__Directions__
Please print the entries exactly, omitting each image.

════════════════════

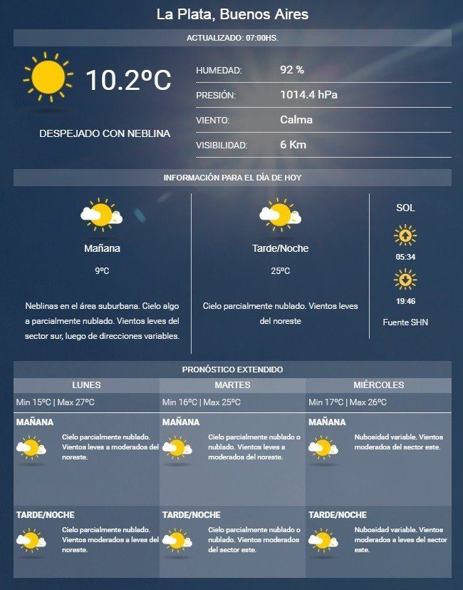 Para este domingo las condiciones climáticas señalan que el sol será el protagonista en el cielo y algunas nubes aparecerán en horas de la tarde, aunque no causarán problemas. Según el Servicio Meteorológico Nacional, soplarán vientos leves desde el sector sur y luego en direcciones variables.
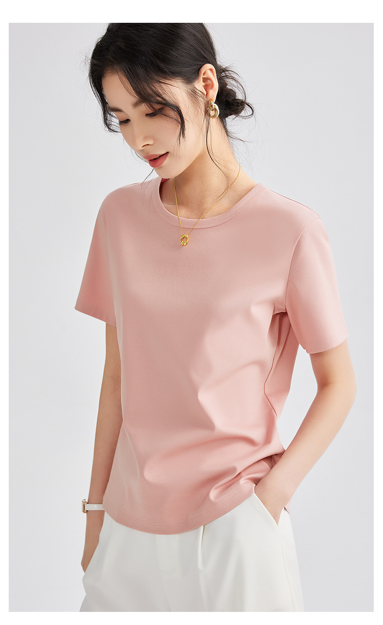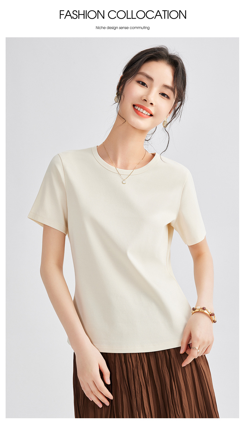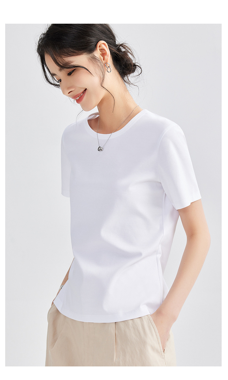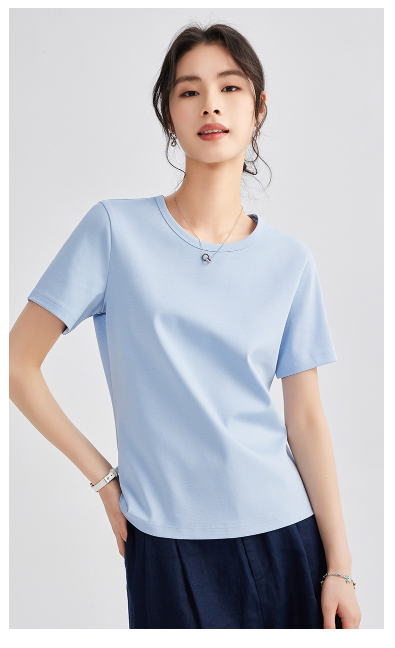「自j」全新升级【铂金会员109/天猫149/差价40】(95207)洛诗琳夏季丝光棉T恤女2025夏季新款圆领纯色正肩显瘦上衣
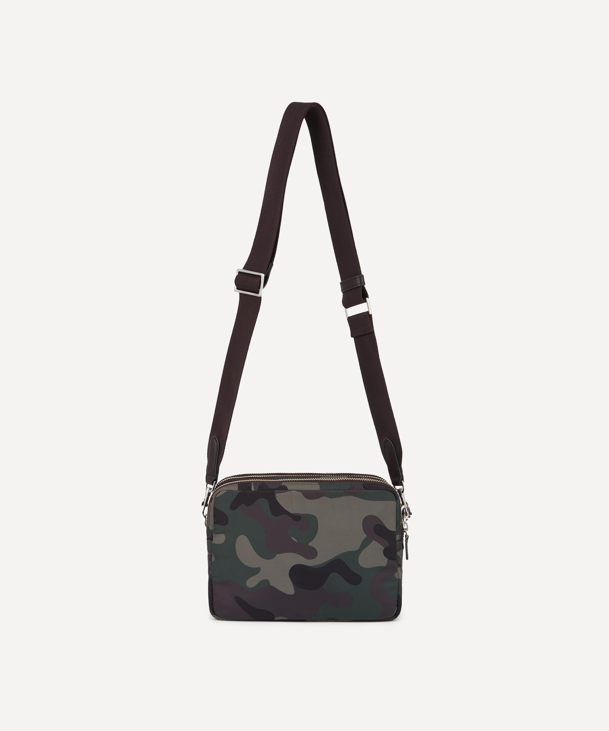 Inspired by the designer’s famous obsession with labelling, the Camouflage Essentials crossbody bag from Anya Hindmarch is a trusty travel companion for those who love to be organised. Crafted from nylon fabric, it features two external zip pockets with embossed labelling, one of which opens to reveal a handy internal slip pocket for cards. Complete with an adjustable and detachable shoulder strap, wear it crossbody or stow it in your bag as a pouch or purse.
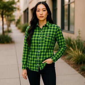 Hollister Womens Blouse Sz M Lime Green Blue Check Long Sleeve Button Up Cotton Shirt
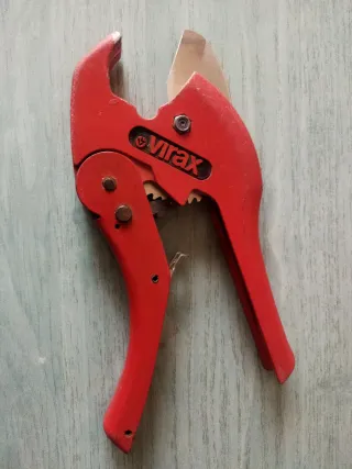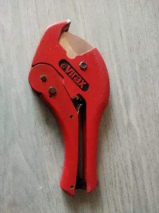 Herramienta para cortar tubos de PVC o plástico. - Mango de color rojo. - Cuchilla afilada para cortes limpios.

════════════════════

__Response box__
 Para este domingo las condiciones climáticas señalan que el sol será el protagonista en el cielo y algunas nubes aparecerán en horas de la tarde, aunque no causarán problemas. Según el Servicio Meteorológico Nacional, soplarán vientos leves desde el sector sur y luego en direcciones variables.
「自j」全新升级【铂金会员109/天猫149/差价40】(95207)洛诗琳夏季丝光棉T恤女2025夏季新款圆领纯色正肩显瘦上衣
 Inspired by the designer’s famous obsession with labelling, the Camouflage Essentials crossbody bag from Anya Hindmarch is a trusty travel companion for those who love to be organised. Crafted from nylon fabric, it features two external zip pockets with embossed labelling, one of which opens to reveal a handy internal slip pocket for cards. Complete with an adjustable and detachable shoulder strap, wear it crossbody or stow it in your bag as a pouch or purse.
 Hollister Womens Blouse Sz M Lime Green Blue Check Long Sleeve Button Up Cotton Shirt
 Herramienta para cortar tubos de PVC o plástico. - Mango de color rojo. - Cuchilla afilada para cortes limpios.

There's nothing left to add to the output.